Here, we used a multifaceted molecular approach, incorporating mitochondrial sequences, simple sequence repeat (SSR) markers and genome-wide single nucleotide polymorphisms (SNPs) to determine the phylogenetic relationships among individuals collected throughout the species distribution range. Mitochondrial sequence analysis with maternally inherited markers is anticipated to reveal a genetic structure similar to that of sexually reproducing species, even in predominately parthenogenetic species. SSR markers, which have high mutation rates, are probably appropriate for detecting limited intraspecific genetic variation in parthenogenetic species. Additionally, genome-wide SNP markers can offer more reliable data for estimating kinship relationships among individuals sharing a common parthenogenetic ancestor.
By integrating the results from these three genetic markers, each with distinct advantages, we have examined the intraspecific phylogeographic pattern of parthenogenetic and flightless stick insect species with unparalleled resolution. Consequently, we discovered unique phylogeographic patterns in the flightless stick insect, such as the identification of identical mitochondrial DNA cytochrome oxidase subunit I (COI) haplotypes across significant distances, which do not contradict the hypothesis of passive long-distance genotypic dispersion.
2. Material and methods
(a) Study species, sample collection and DNA extraction
Ramulus mikado is a predominantly parthenogenetic and flightless stick insect widely distributed throughout Japan (figure 1) [22,34]. While the genus Ramulus encompasses over 100 species, R. mikado represents the sole species within this genus in Japan [22,35]. Between 2014 and 2018, we collected 67 R. mikado specimens from two islands in the Japanese Archipelago (figure 2; electronic supplementary material, table S1). Males are rarely documented in this species, and all the specimens we collected were females. Specifically, we obtained 31 individuals from Shikoku Island (SI) and 36 from Honshu Island. Due to the extensive sampling area, we divided Honshu Island into West Honshu (WH) and East Honshu (EH), based on the Itoigawa-Shizuoka Tectonic Line at the westernmost side of the Fossa Magna in central Honshu. The genetic structure of numerous insect groups reflects the separation of eastern and western Japan in the Fossa Magna region, where the current geological structures were formed 0.7–1.0 Ma [24,25].

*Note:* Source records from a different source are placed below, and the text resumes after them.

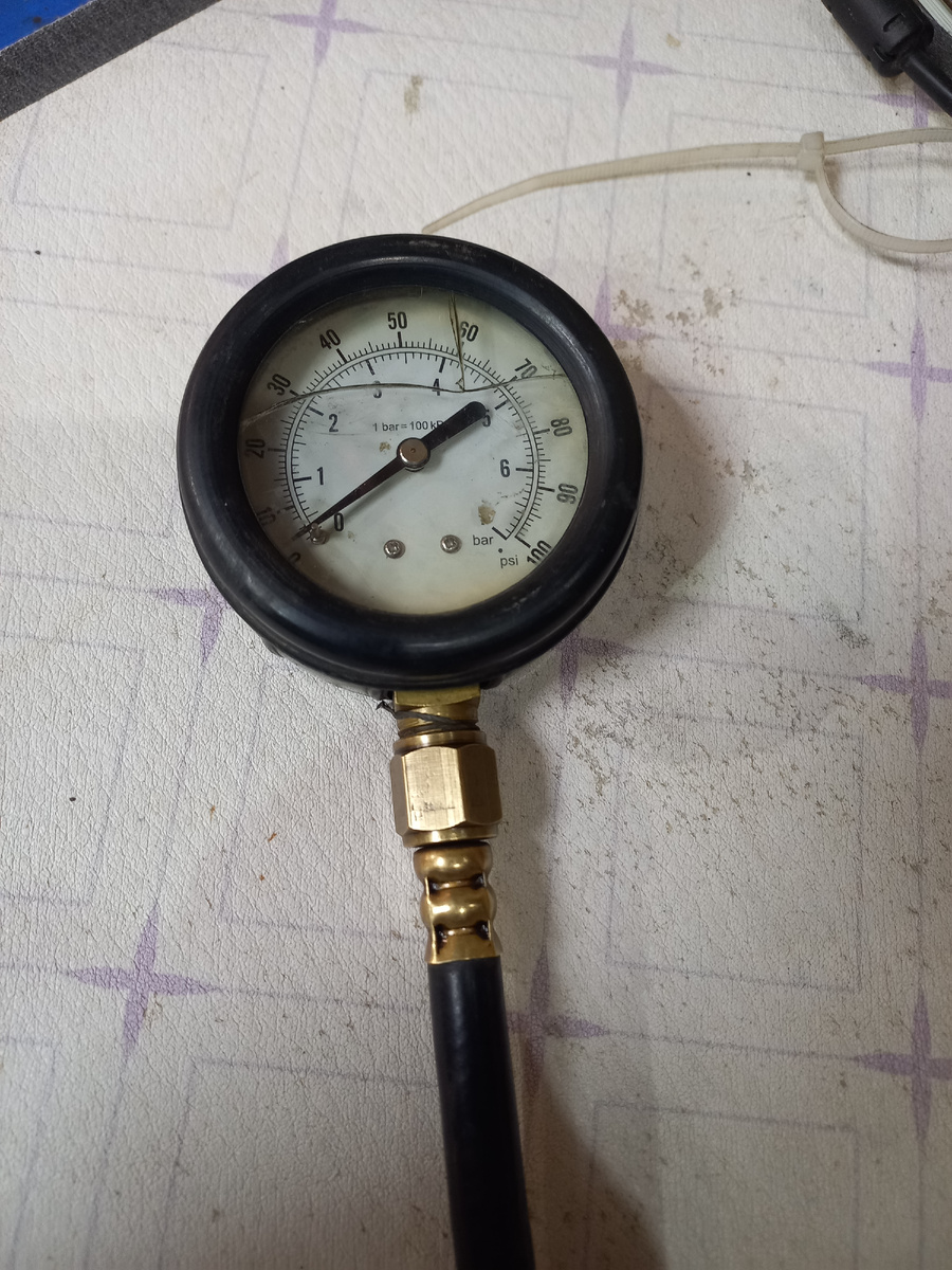 включил зажигание. Стрелочка манометра лихо рванула вверх, это уже хорошо, давление в системе хорошее, выключили зажигание, снова включили, стрелка манометра замерла на 3.9, хороший результат!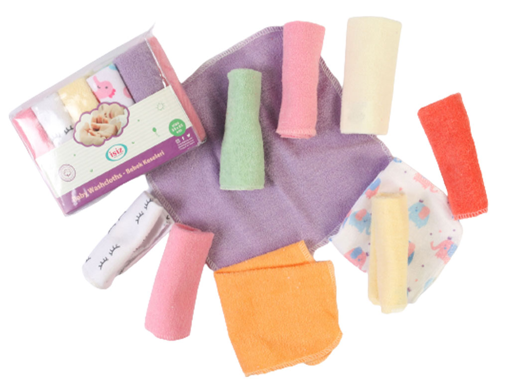 #حوله دست و صورت10عددی isiz، حوله دست و صورت نوزادی دخترانه 10 عددی است که دارای رنگ ها و طرح های مختلف و شاد می باشد که باعث افزایش روحیه نوزاد می شود. ابعاد این حوله ها 21*22 سانتی متر است
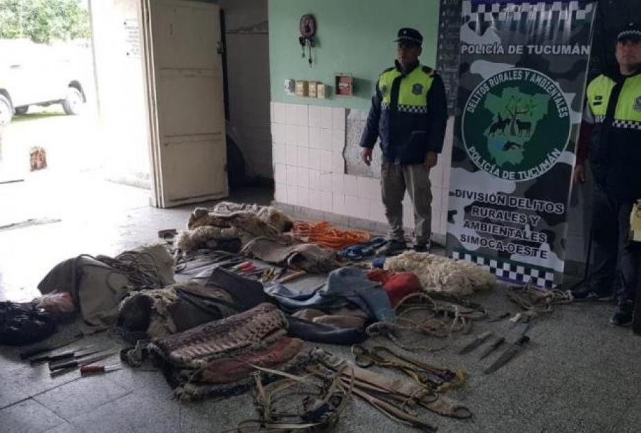En los domicilios allanados, ubicados en las localidades de Los Mendoza y Villa Chicligasta, departamento Simoca, los uniformados incautaron más de diez cuchillos, machetes, municiones, 15 kilos de carne, sillas de montar, látigos y diversas herramientas, entre otros elementos relacionados al delito de abigeato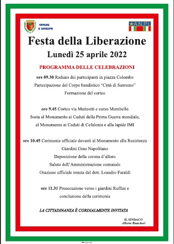Lunedì 25 aprile il Comune di Sanremo aderisce alle celebrazioni per la “Festa della Liberazione” con il seguente programma: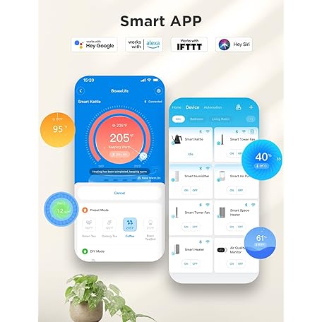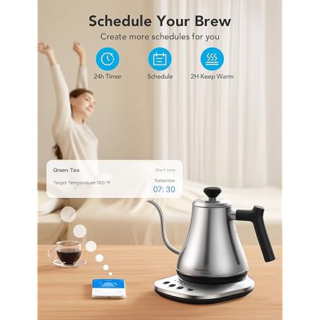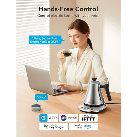 Thông tin sản phẩm GoveeLife Smart Electric Kettle, 0.8L WiFi Gooseneck Kettle Compatible with Alexa, 5 Modes for Use, 3-minute Fast Heating and 2H Keep Warm, Auto-Shut off for Safety, Stainless Steel, Silver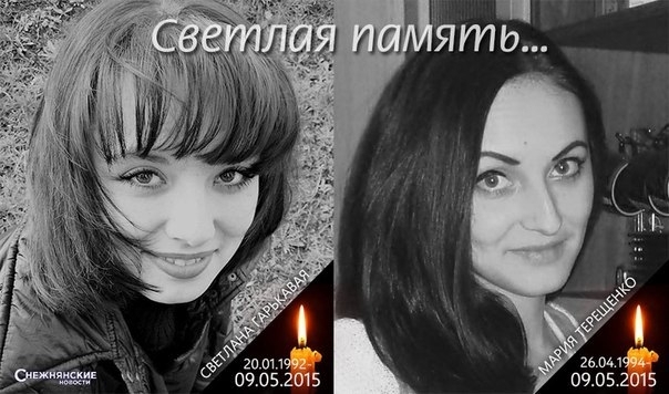 Дві мешканки підконтрольного «ДНР» міста Сніжне Донецької області – Світлана Гарькава і Марія Терещенко – були розстріляні бойовиками в районі кафе «Вечірка» пізно ввечері 9 травня.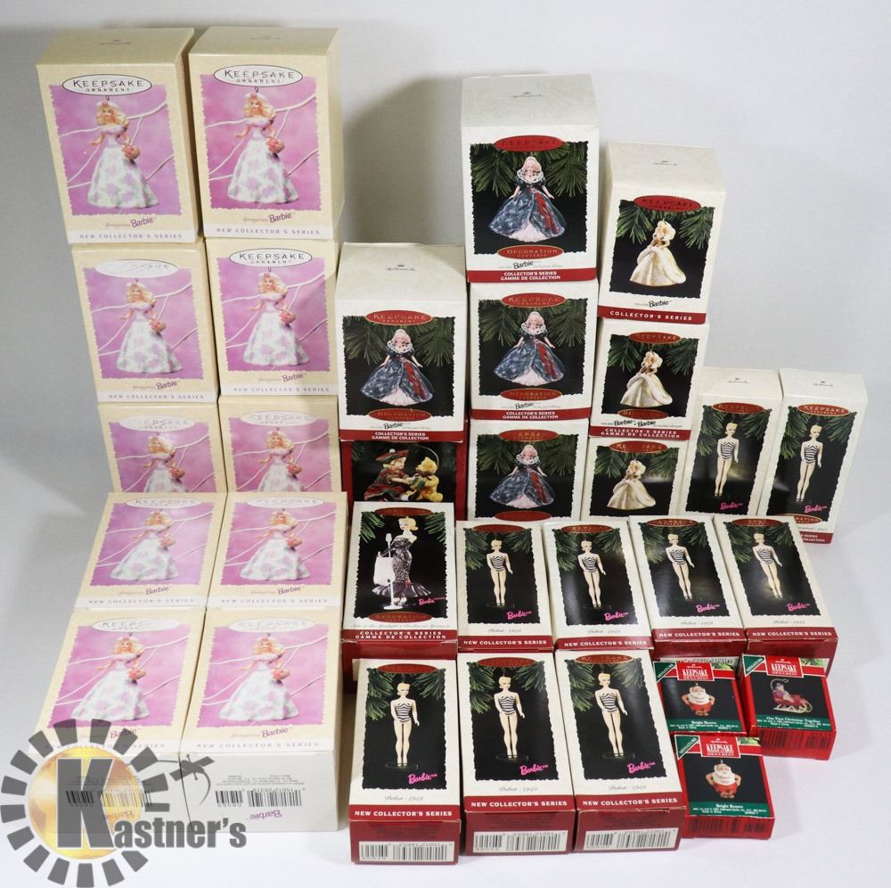 BOX OF ASSORTED BARBIE ORNAMENTS.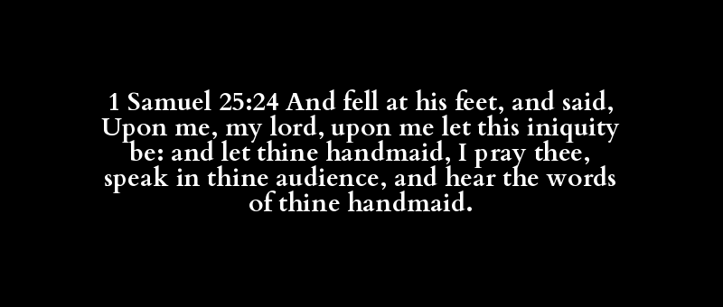 1 Samuel 25:24 And fell at his feet, and said, Upon me, my lord, upon me let this iniquity be: and let thine handmaid, I pray thee, speak in thine audience, and hear the words of thine handmaid.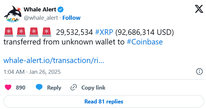Son zamanlarda, kripto topluluğunun dikkatini çeken önemli bir XRP işlemi gerçekleşti. 29 milyon XRP coin, büyük kripto borsası Coinbase’e transfer edildi. Whale Alert’a göre, 29.532.534 XRP, yaklaşık 92.7 milyon dolar değerinde, bilinmeyen bir cüzdandan Coinbase’e gönderildi. Borsalara yapılan büyük transferler genellikle potansiyel satış faaliyetleriyle ilişkilendirilse de, bu özel hareketin nedeni belirsizliğini koruyor ve başka faktörler de devrede olabilir.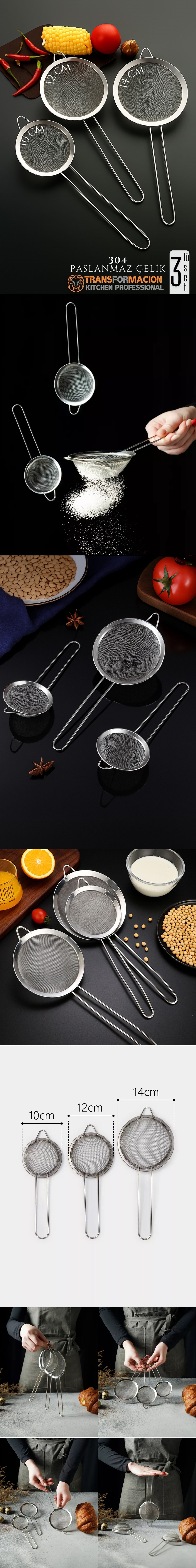 Set İçeriği: 3 adet süzgeç (10 cm, 12 cm, 14 cm)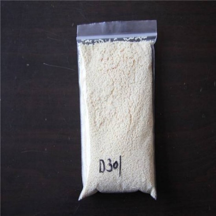 D301是在大孔结构的苯乙烯-二乙烯苯共聚体上主要带有叔胺基[-N(CH3)2]的阴离子交换树脂。主要用于纯水、高纯水制备,尤其适用于含盐量、有机物含量较高水源的处理,还可用于含铬,废水处理、糖液脱色等。

For data analysis, three populations were defined based on their respective regions: SI, WH and EH. To obtain genomic DNA, R. mikado samples were preserved in absolute ethanol. Subsequently, the Gentra Puregene Tissue Kit (Qiagen) was employed to extract total genomic DNA, following the manufacturer's instructions. This extracted DNA was used for the subsequent molecular analysis.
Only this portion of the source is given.